While producing this list, I only found one proposed Alzheimer’s process for which I cannot find a connection with cannabinoids. Dr. Beth Stevens of Boston Children’s Hospital has proposed that complement proteins in the innate immune system cause synaptic pruning early in the disease. As far as I can tell, the endocannabinoid system interacts with the innate immune system through Toll-like receptors rather than through complement signals, although there is crosstalk.

So laboratory research indicates that the right mix of cannabinoids can act against all of the known mechanisms of Alzheimer’s pathology, possibly excepting this early malfunction of the complement system.

The advantage of cannabinoids in neuroprotection is their broad-spectrum profile determined by their activity at multiple molecular sites … and the location of those potential targets for in all key cellular elements in relation to the control of neuronal survival … and also in key brain structures [e.g., blood–brain barrier (BBB)]

2) Cannabiniods as an early intervention

After multitarget therapy, the next suggestion was to begin treatment earlier. If we are to do this, we want a medicine that is safe. The safety profile of cannabis is well established. For all their years of trying and all their billions of dollars, the prohibitionists in the U.S. have yet to prove harm from marijuana. Aspirin accounts for 3,000 deaths per year in the U.S. If cannabis were as dangerous as aspirin, you would have heard about it.

3) The ghost in the machine

The last suggested way forward for Alzheimer’s treatment is to find a hitherto unknown cause of the disease. Where might we look for something like that?
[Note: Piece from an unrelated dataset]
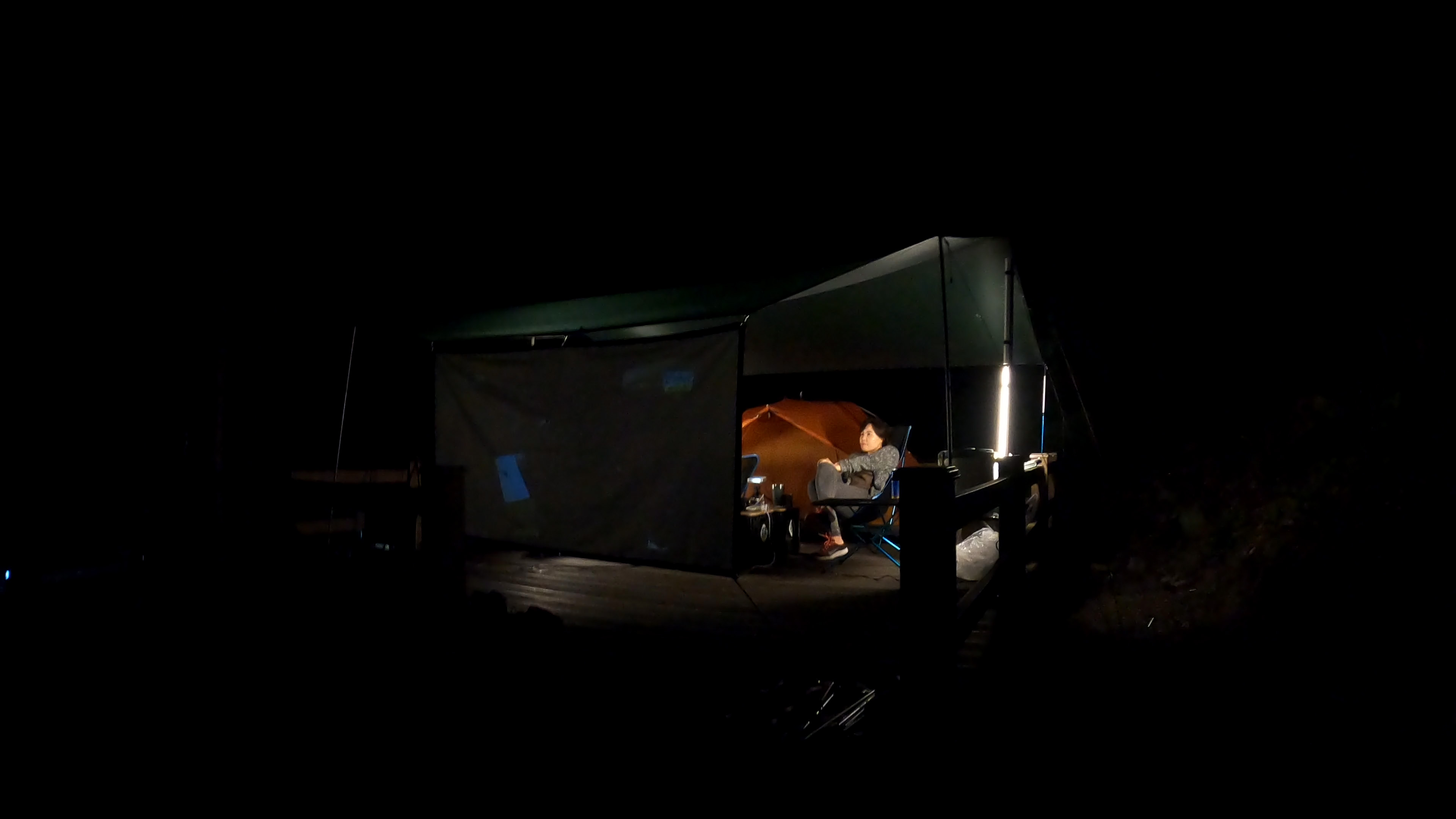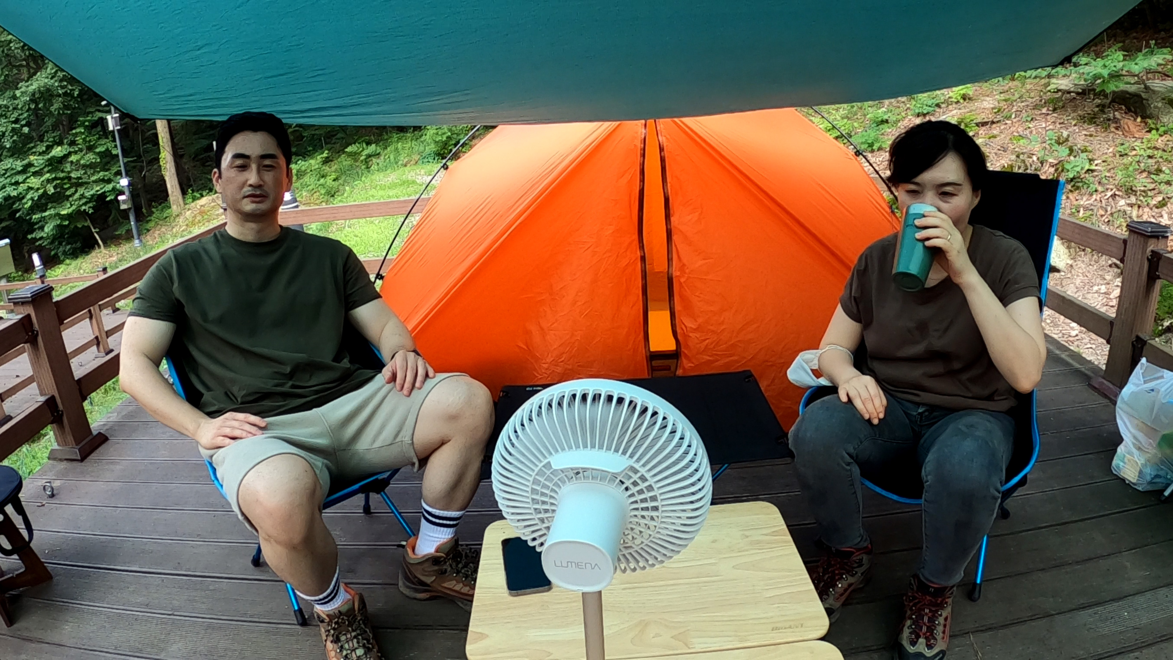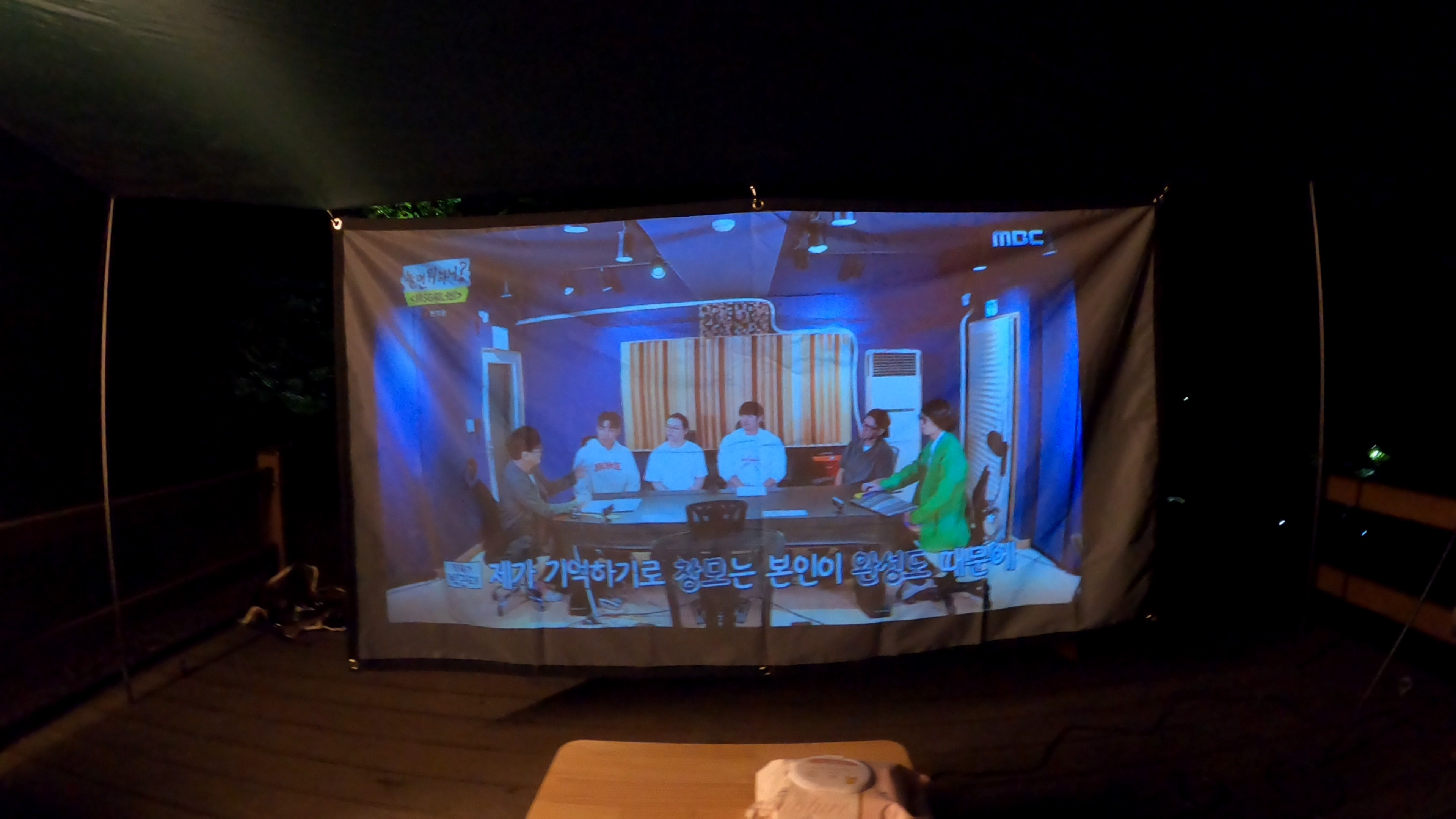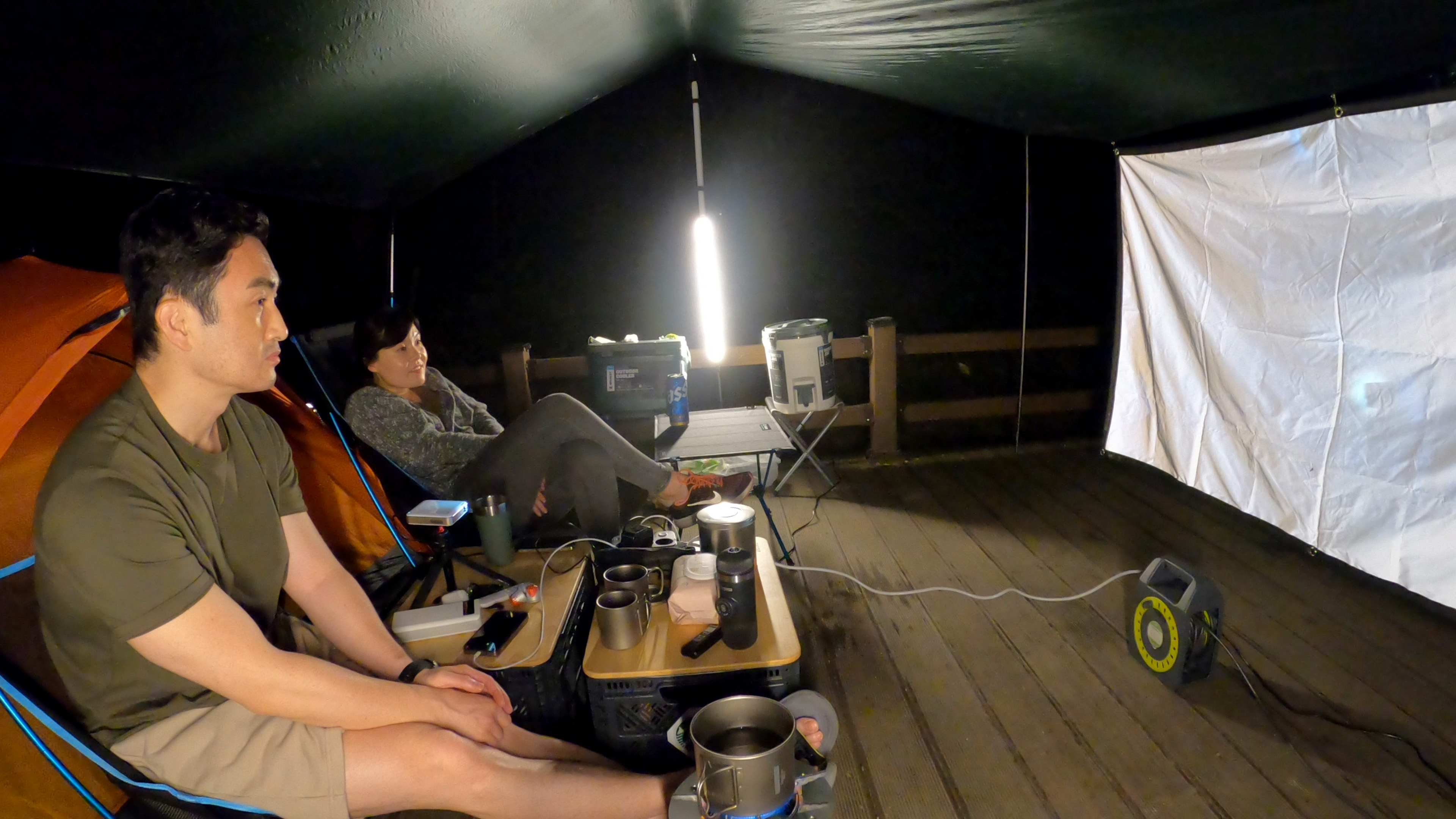 이렇게 한시간이 넘게 캠핑장에서 티비를 보고 있으니 부부사이의 대화시간이 줄어드는 단점이 있긴 하나, 그래도 긴 저녁시간을 보내기에 유용한 아이템이다.

Let’s begin with a thought experiment. Imagine that there is a bodily system that works with all of the participants in the disaster that is Alzheimer’s — with the nerves, astrocytes, microglia, oligodendrites and the blood-brain barrier. This system has been shown to respond to all of the accepted biomarkers for Alzheimer’s. Imagine that this system is not taught in medical schools, and established researchers are reluctant to study it. You cannot legally develop a medicine to treat this system and despite thousands of preclinical studies, papers are regularly written which say “there is no evidence” for medical marijuana, because they begin by excluding everything except double-blind placebo-controlled studies on humans. Imagine that the authors of those papers never bother to mention that the clinical trials they demand are illegal.

I’m suggesting that the mysterious ghost that we cannot find might actually be an elephant, clearly in the room, yet somehow invisible. What if we look at damage to the endocannabinoid system as a possible cause of the disease?

We can at least say that as the endocannabinoid system goes about its repair work, it is also under attack by the disease. CB1 receptor expression is markedly decreased in Alzheimer’s diseased brains. The cannabinoid AEA is depleted and the AEA depletion correlates with cognitive deficits. CB1 and CB2 receptor proteins are nitrated making them less effective.

Recently Aβ has been found to damage memory before any plaques or synaptic pruning, and it does this by attacking the ECS. Cannabinoid signals in the hippocampus are necessary in order for episodic memories to be written. Aβ can prevent these signals from doing their work. The signals get through, but the receiving cell doesn’t respond and memory is not written. This occurs well before any of the signs of physical damage.

Do we want to do something about this disease?

Let’s summarize: Marijuana is commonly used for symptom relief in AD, often in the care of nurses. There is abundant preclinical evidence that manipulating the ECS can be protective or even healing. The safety profile of medical marijuana is superior to things like the NMDA inhibitors that are already approved for memory loss. Cannabinoids interact with AD markers across the board, and the earliest effects of Aβ on memory are accomplished when it attacks the endocannabinoid system.

Unfortunately, knowing that the ECS is involved in this disease does not get us to a medicine. The ECS is complex and the numerous cannabinoids are not all the same. We need to know which cannabinoids to use, dosage and method of administration. We need to know whether the promise of cannabinoids can be realized, as medicines to heal as well as treat symptoms.